-
Story
-
Resolution: Fixed
-
Critical
-
0.4
-
None
-
None
-
SIdora Sprint 12, SIdora Sprint 13, SIdora Sprint 14, SIdora Sprint 15, SIdora Sprint 16, SIdora Sprint 17
-
237
-
8
We need a program (or programs) that can parse a tabular data file to determine the number, type and value ranges of variables in the file. This program would be used to initiate a new codebook so that that user would have something to start with, but also should be able to be used to validate new files to be associated with the codebook.
This is the back-end web service and uses the schema developed by Adam Soroka. The Workbench will need to use the schema for display and management of tabular data.

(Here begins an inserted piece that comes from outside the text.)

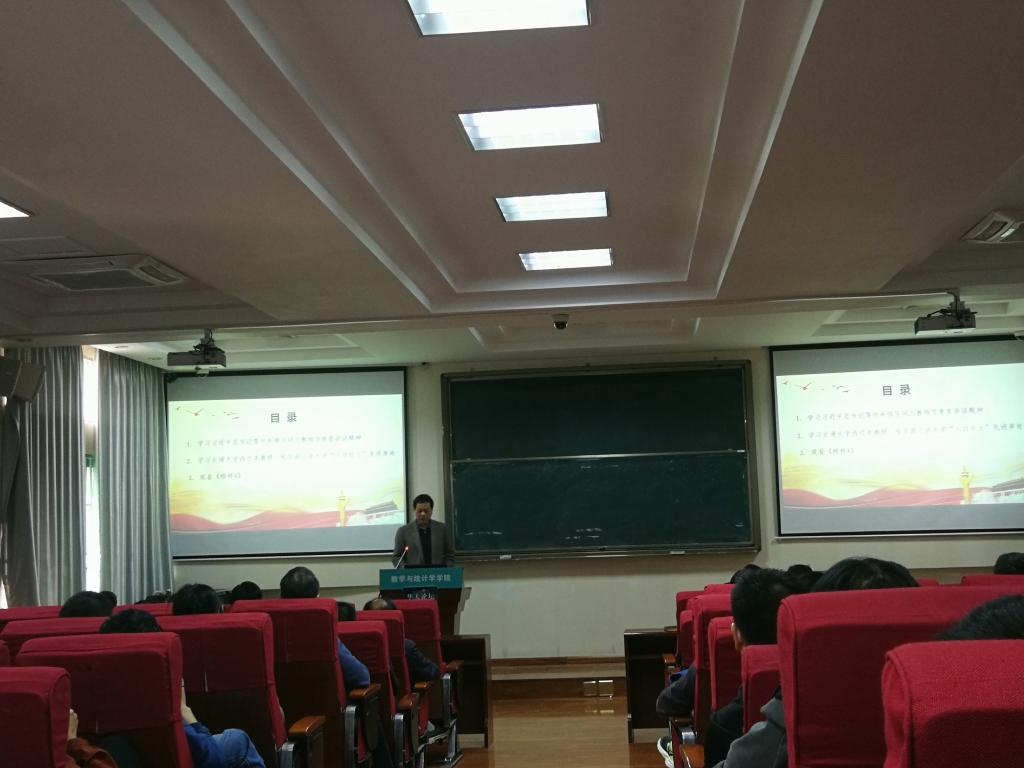 11月1日下午,数学与统计学学院全体教职工在六号楼6401教室集中,就习近平总书记等中央领导同志教师节重要讲话精神与交通大学西迁老教授、哈尔滨工业大学“八百壮士”先进事迹开展了集中深入学习,并观看了《榜样4》。会议由分党委书记王中主持。

Also, a UI is needed to create instances (SID-302) of the schema with specific column specifications.
An example can be found in app03 and is named codebook 2015. Only cursory tests using the form builder have been done. it will need to be fully tested once it has been hooked up as part of the work on this issue.
Possible uses:
1. The Tabular Data wizard could use this program to initiate the codebook based on the first file in a batch to be uploaded with a new codebook. The user would be presented with a codebook form that already shows the correct number of variables.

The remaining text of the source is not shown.